4. By means of continuous surfaces. The bacteria may either grow along such surfaces forming a continuous or more or less broken layer, or may be carried from place to place in the fluids which bathe them.
All these modes of extension are well shown in tuberculosis. This disease is caused by a small bacillus which does not produce spores, has no power of saphrophytic growth under natural conditions, and is easily destroyed. Moisture and darkness are favorable conditions for its existence, sunlight and dryness the reverse. There are three varieties or strains of the tubercle bacilli which infect respectively man, cattle and birds, and each class of animals shows considerable resistance to the varieties of the bacillus which are most infectious for the others.
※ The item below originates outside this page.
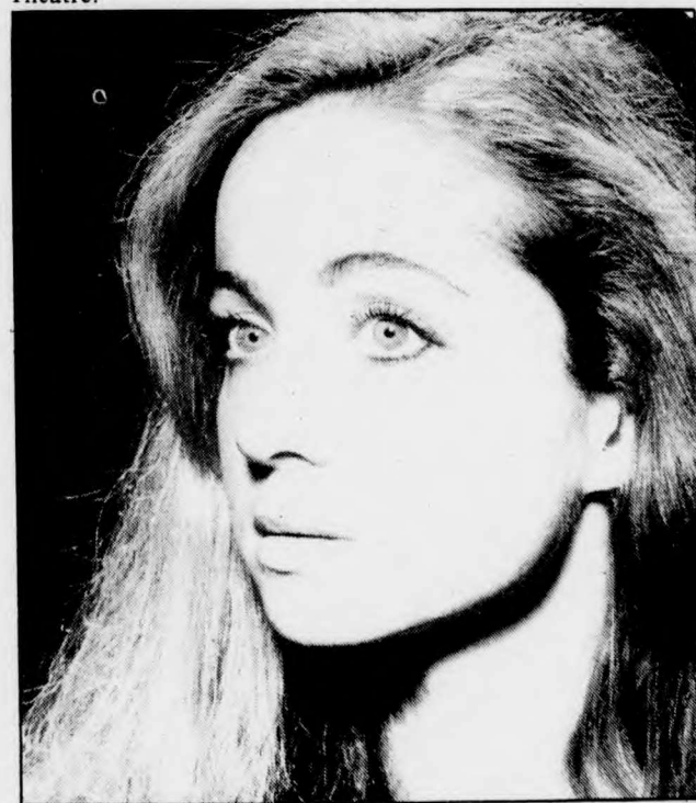
Playwright Judith Thompson

The primary seat of the infection in man is generally in the upper part of the lung. The organisms settle on the surface here and cause multiplication of the cells and an inflammatory exudate in a small area. With the continuous growth of the bacilli in the focus, adjoining areas of the lung become affected, and there is further extension in the immediate vicinity by means of the lymphatics. Small nodules are formed and larger areas by their coalescence. Infection with tuberculosis is so common that at least three-fourths of all individuals over forty show evidences of it. The examination of two hundred and twenty-five children of the average age of five years who had died of diphtheria showed tuberculous infection in one-fifth of the cases and the frequency of infection increases with age. The defence on the part of the body is chiefly by the formation of dense masses of cicatricial tissue which walls off the affected area and in which the bacilli do not find favorable conditions for growth. This mode of defence, which is probably combined with the production of substances antagonistic to the toxines produced by the bacilli, is so efficacious that in the great majority of cases no further extension of the process takes place. In certain cases, however, the growth of the bacilli in the focus is unchecked, the tissue about them is killed and becomes converted into a soft semi-fluid material; further extension then takes place. All parts of the enormous surface of the lungs are connected by means of the system of air tubes or bronchi, and the bacilli have favorable opportunity for distribution, which is facilitated by sudden movements of the air currents in the lung produced by coughing. The defence of the body can still keep pace with the attack, and even in an advanced stage the infection can be checked in some cases permanently; in others the check is but temporary, the process of softening continues, and large cavities are produced by the destruction of the tissue. On the inner surface of these cavities there may be a rapid growth of bacilli.